For the accuracy of the 6-CIT, Tuijl and colleagues reported the largest number of correct positive predictions and the lowest number of false-positive predictions at a cut-off value of ≥11. Sensitivity and specificity were 0.71 and 0.98, respectively [124]. Compared with the MMSE, based on its equal performance but greater practicality, the 6CIT appears to be preferable to the MMSE in screening for cognitive impairment in older patients in a general hospital setting. However, the QUADAS-2 assessment revealed significant methodological limitations that may have led to overestimation of the accuracy of the 6-CIT.

The second study evaluating the diagnostic accuracy of the CPS, using the same common cut-off value of ≥2, reported 0.56 for sensitivity and 0.93 for specificity [122]. Compared to the rather positive conclusion of Travers and colleagues, the concluding Büla and colleague's statement remained more critical toward an implementation of the CPS in the hospital setting, mainly, because their analyses have shown that the CPS tends to underestimate cognitive impairment in older patients and overestimate it in dependent patients with depressive symptoms and comorbidities. Both are likely to be found in the hospital setting. Methodological limitations arose from the domain of patient selection, index test and reference standard. Due to inappropriate exclusions (privately insured patients and surgical patients), spectrum bias may have led to overestimation; thus, accuracy data should be interpreted with caution. Last, visual assessment of the forest plot showed high levels of heterogeneity where there is little overlap in the sensitivity confidence intervals of both CPS studies [122, 125].

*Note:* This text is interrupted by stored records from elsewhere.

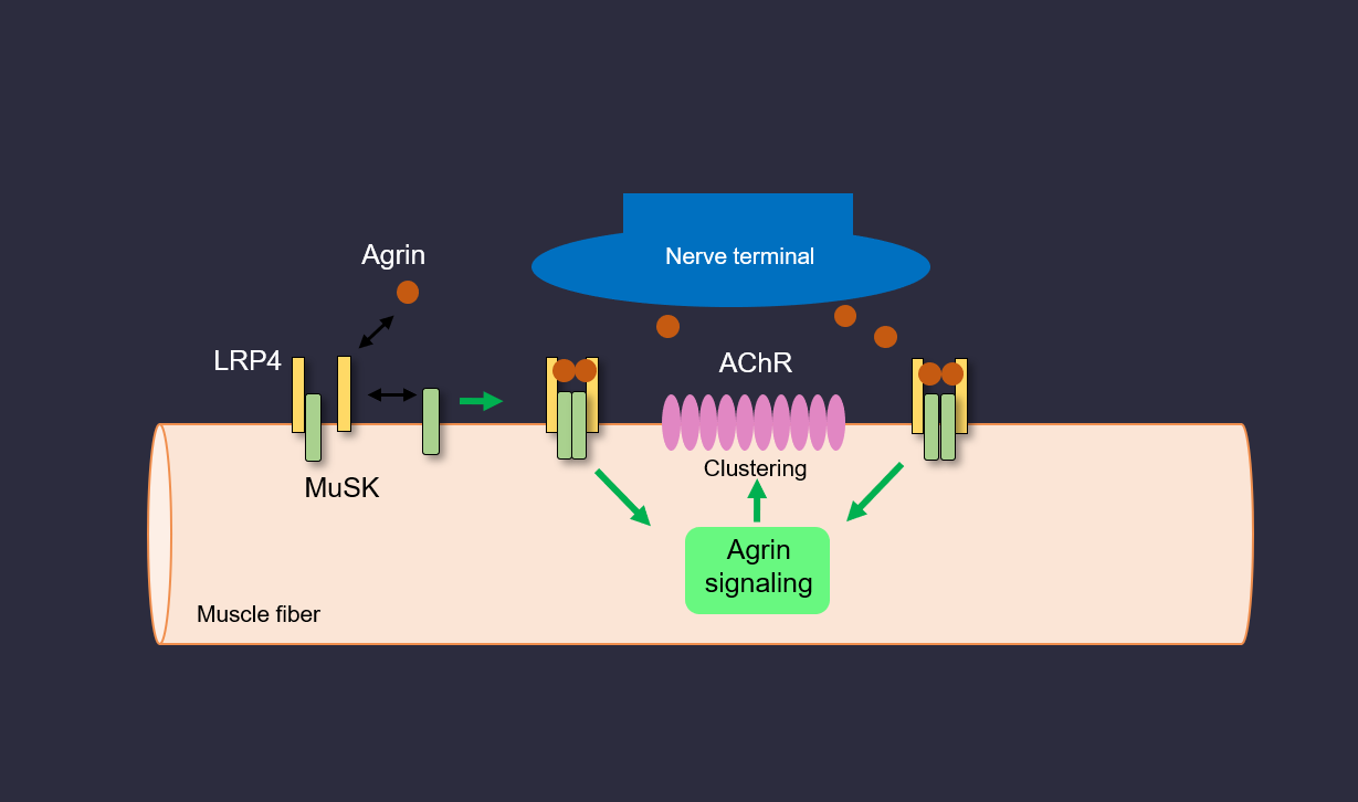 人们的日常活动中,如起床、走路、吃饭、饮水和坐立,都需要NMJ发挥正常功能。NMJ是运动神经元和肌肉纤维之间的外周突触,对于精确且快速的控制肌肉收缩至关重要。这种长久以来被神经科学家认可的经典化学突触早已成为突触结构和功能的信息模型。尽管众多NMJ突触成分已被鉴定出,但它们到底如何组装并最终形成了NMJ尚不清楚。目前,人们已知NMJ的形成需要agrin(一种来自运动神经元的营养因子)和MuSK(一种可被agrin激活的跨膜酪氨酸激酶)。然而,Agrin 不与 MuSK 直接互做。在此基础上,我们实验室率先确定了LRP4为agrin的受体(直接互作),并通过解决agrin-LRP4复合物的晶体结构揭示了信号如何从agrin转移到MuSK的机制。在针对重症肌无力患者开展的研究中,我们鉴定了针对LRP4和agrin的抗体,并证明它们与重症肌无力有关。这些抗体被用作诊断重症肌无力的新型生物标志物。与此同时,我们还揭示了rapsyn,一种经典的突触后支架蛋白,可通过液-液相分离的方式形成无膜缩合物,帮助AChR聚集及NMJ形成。此外,我们的研究还进一步证实了rapsyn具有NMJ形成所需的E3连接酶活性,其酶活对NMJ的发生、维持和再生至关重要。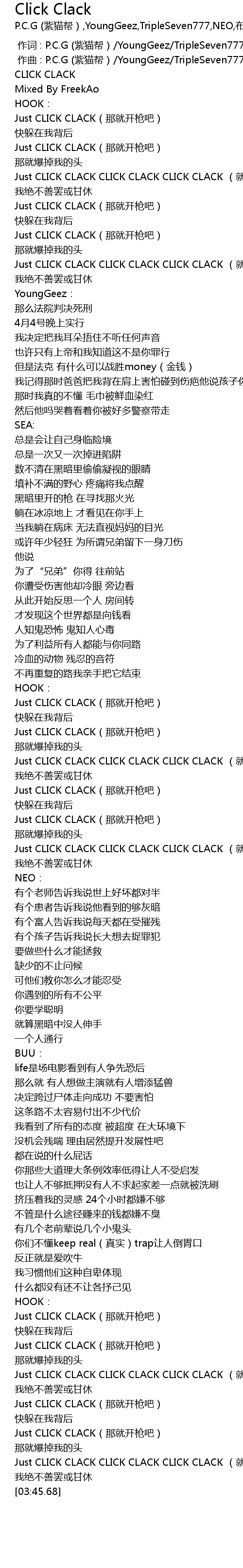 | [03:34.28] | Just CLICK CLACK na jiu kai qiang ba |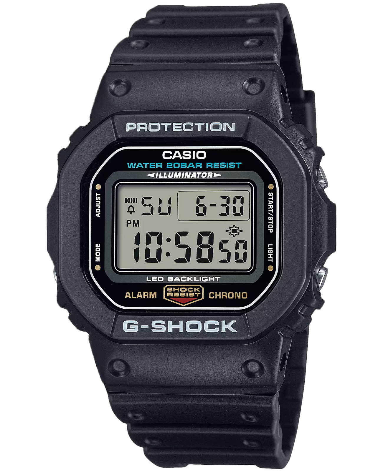 Японские мужские часы-хронографХронографФункция позволяет измерять отрезки времени с особой точностью: часы, минуты, секунды. Верным признаком хронографа является наличие на циферблате 3 дополнительных окошек-счётчиков. Casio G-Shock DW-5600UE-1DR (DW-5600UE-1). Силуэт данного корпуса давно стал классикой и является одним из самых узнаваемых в мире наручных часов. Прекрасный аксессуар на каждый день, который дополнит любой из ваших образов. Корпус изготовлен из полимерного материала. Минеральное стеклоМинеральное стеклоМинеральное стекло представляет собой искусственно выращенный минерал кварца. Такое стекло отличается особой устойчивостью к повреждениям и царапинам. Уступает по некоторым качествам сапфировому стеклу. устойчивое к появлению царапин, обладающее высокой прозрачностью. Светодиодная подсветкаСветодиодная подсветкаСветодиодная или LED-подсветка обеспечивает появление яркого холодного свечения за счёт LED-элементов - маленьких лампочек. Они потребляют минимальное количество энергии, чаще всего можно встретить 1 светодиод, в нижней части циферблата. (Super Illuminator), послесвечение. 12/24-часовой формат. вечный календарьВечный календарьКлассическое часовое усложнение, представляющее собой календарь, рассчитанный на несколько лет вперёд (стандартно – до 2099 года). Определяет текущую дату, день недели, месяц.. СекундомерСекундомерСекундоме́р — прибор, способный измерять интервалы времени с точностью до долей секунды.. ТаймерТаймерОтсчитывает секунды в обратном направлении в заданном интервале времени.. Часовой сигнал времени. Многофункциональный будильник. Оповещение о вспышке мигает с зуммером, который сигнализирует о тревогах, сигналах часового времени, сигнале таймера обратного отсчета времени. Класс водозащиты: 200 метров, позволит плавать, нырять и заниматься другими водными видами спорта. Ремешок из полимерного материала на стандартной застежке.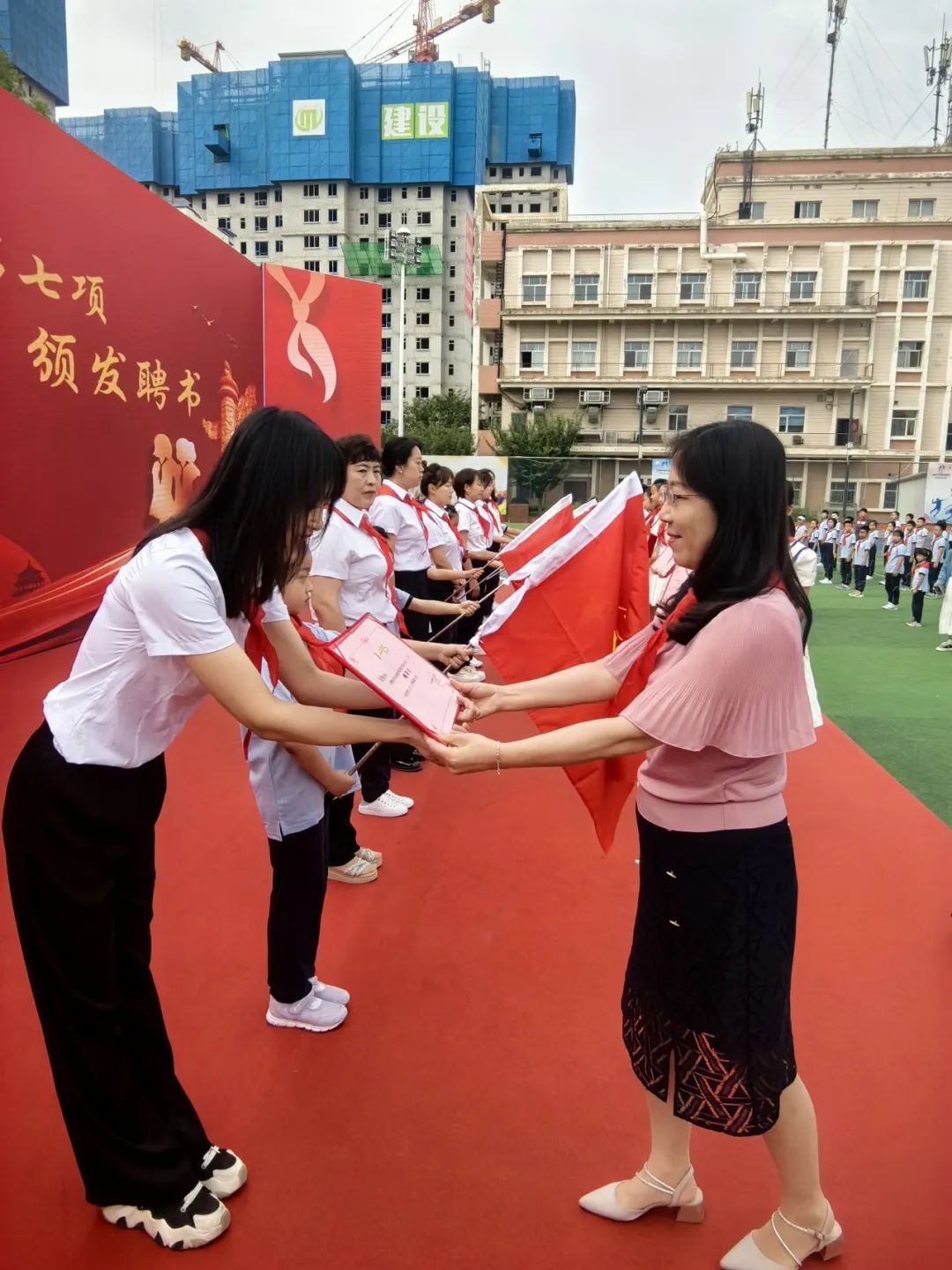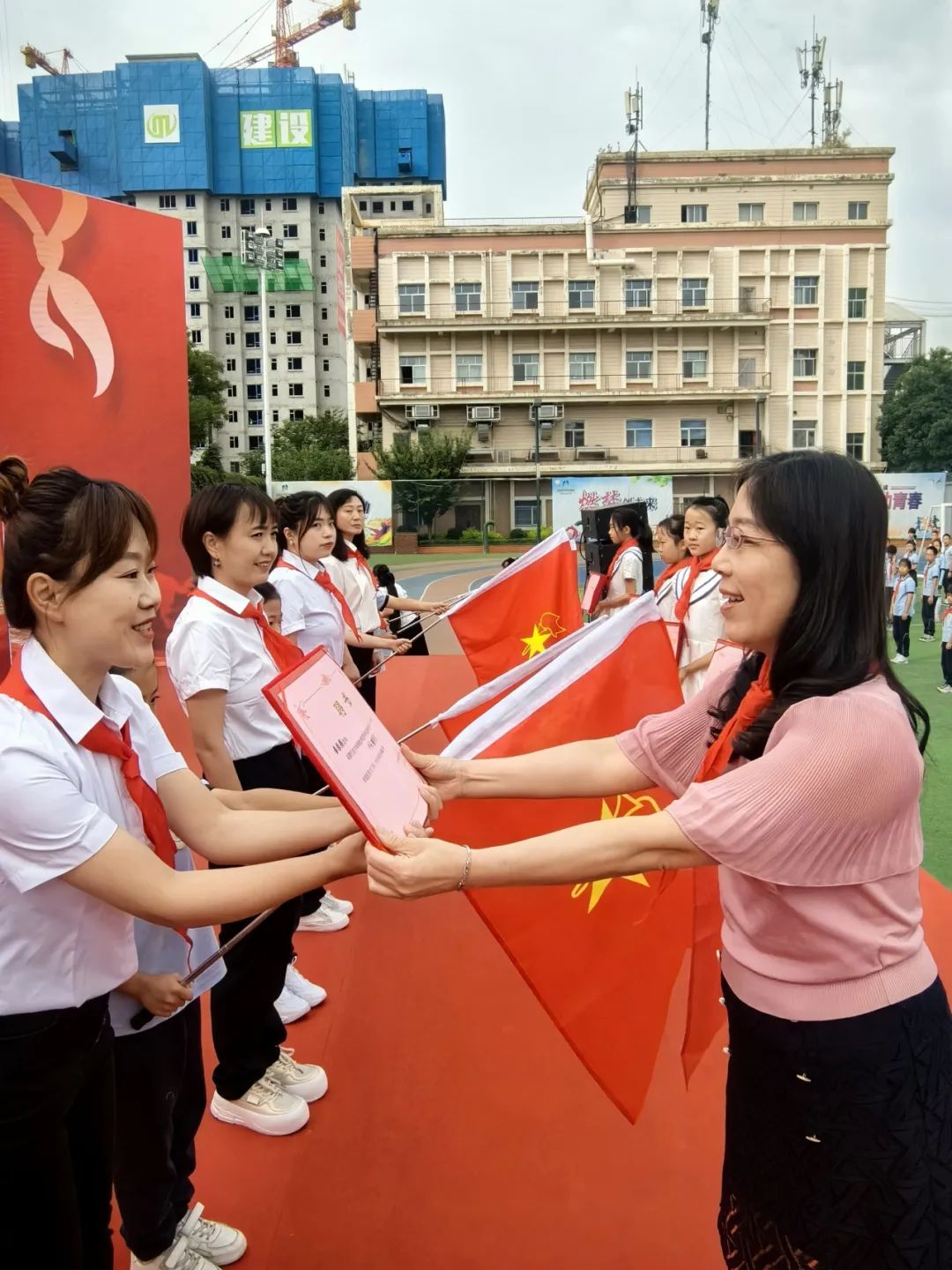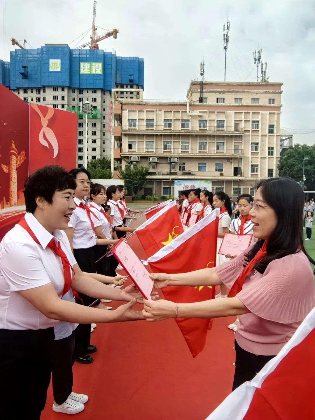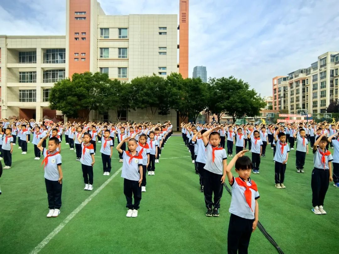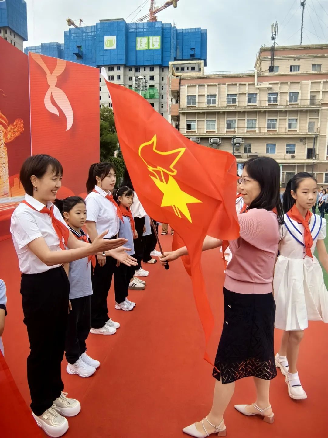 活动伊始,随着庄严的《出旗曲》响起,全体少先队员肃立行队礼,鲜艳的队旗在大家的注视下缓缓前行。紧接着,全体少先队员高唱《中国少年先锋队队歌》,嘹亮的歌声回荡在校园每一个角落,展现了少先队员们的蓬勃朝气和坚定信念。
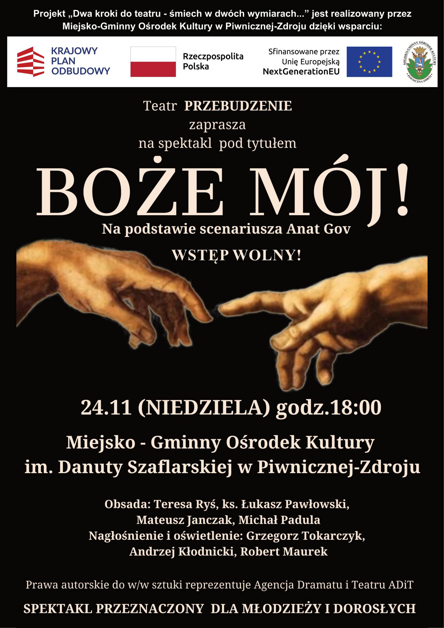 24 listopada 2024 r. (niedziela) o godzinie 18:00 mamy przyjemność zaprosić Państwa na spektakl "Boże mój" w wykonaniu Teatru Przebudzenie" Wstęp wolny! Spektakl realizowany w ramach projektu "Dwa kroki do teatru - śmiech w dwóch wymiarach", a dzięki wsparciu z KPO dla Kultury ze środków pochodzących z Unii Europejskiej NextGenerationEU - wszystkie możecie obejrzeć bezpłatnie.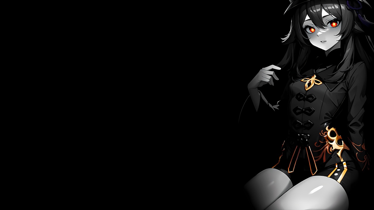 原神、胡桃、长发、嘴唇、头发、大腿、黑暗背景、动漫、动漫女孩、帽子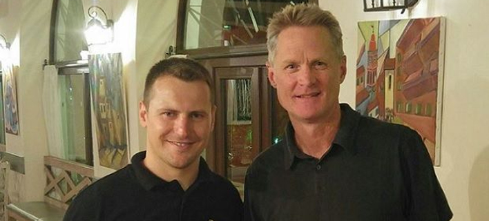 Ο προπονητής των Γκόλντεν Στέιτ Γουόριορς (έχει κατακτήσει πέντε πρωταθλήματα NBA ως παίκτης των Σικάγο Μπουλς και τρία ως προπονητής στο Γκόλντεν Στέιτ) βρίσκεται στην Κέρκυρα μαζί με την οικογένειά του και το βράδυ του περασμένου Σαββάτου βρέθηκε σε εστιατόριο του νησιού, απ' όπου έφυγε με τις καλύτερες εντυπώσεις.

For the T&C, which was evaluated in two studies, Inouye and colleagues reported 0.86 and 0.71 for sensitivity and specificity, respectively [126]. A positive test for either of the two components was classified as a positive result for dementia. According to the authors, the T&C was well tolerated and acceptable to nearly all participants across educational levels and diverse cultural backgrounds. Considering its relatively high sensitivity and negative predictive value (0.97), the T&C is advocated as a brief screener in high-risk settings for sequential use in combination with further clinical assessments to evaluate possible positive results. The methodological assessment showed no risk of bias or applicability concerns except for the index test, which was not administered early during hospitalization.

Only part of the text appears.